India’s law on protection of farmers’ rights can be model worthy of emulation for entire world: Droupadi Murmu

New Delhi: President Droupadi Murmu on Tuesday said India’s law on the protection of plant varieties and farmers’ rights can be emulated for the entire world, as it gains importance amid the challenges of climate change.

Addressing the first-ever global symposium on farmers’ rights at the Pusa complex in the national capital, the President said India took the lead in bringing the Protection of Plant Varieties and Farmers Rights Act (PPVFR) way back in 2001, which is aligned to the International Treaty on Plant Genetic Resources for Food and Agriculture to protect farmers.

Under the PPVFR Act, India provides a range of rights to farmers that include use, reuse, save, share and sell the unbranded seeds of a registered variety. Besides, farmers can register their own varieties which get protection, she said.

The President said, “Such an Act can serve as an excellent model worthy of emulation for the entire world.” This also gains importance amid challenges posed by climate change and also to fulfill the Sustainable Development Goals of the United Nations, she added.

Stating that the challenges of climate change have put an onus on the conservation of traditional farmers’ varieties, Murmu said the varieties including millets are not only endowed with inherent tolerance to various stresses on the ecosystem but also hold nutritional profiles that could be key in providing a solution to the food and health requirements of a large population.

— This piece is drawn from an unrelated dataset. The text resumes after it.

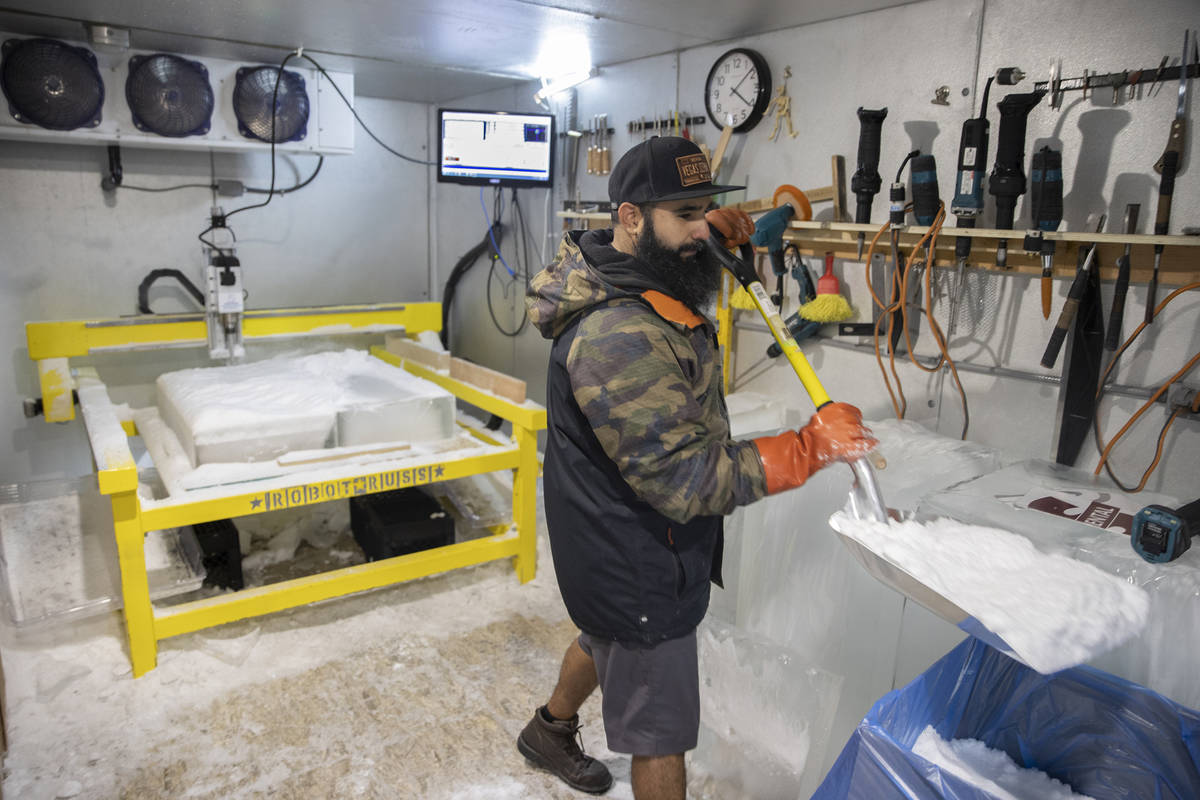The speed of the router as it works its way through a 300-pound block of ice can change the snow’s consistency, Villarreal says. He found the filtered water he uses to produce clear ice for sculpting makes for inferior snow.

The declaration of the year 2023 as the Year of Millets by the UN is a step in this direction, she said.

The President also inaugurated the Plant Authority Bhawan and an online portal for processing registration of plant varieties. She also conferred plant genetic savior awards to six farmer communities and 20 individual farmers.

The four-day symposium from September 12-15, being held for the first time since the adoption of the International Treaty on Plant Genetic Resources for Food and Agriculture in 2001, is expected to have a participation of around 500 delegates including farmers from India and abroad.

Speaking about the International Treaty on Plant Genetic Resources for Food and Agriculture, the President said it is one of the most important international agreements among member countries to conserve, use, and manage plant genetic resources for food and agriculture.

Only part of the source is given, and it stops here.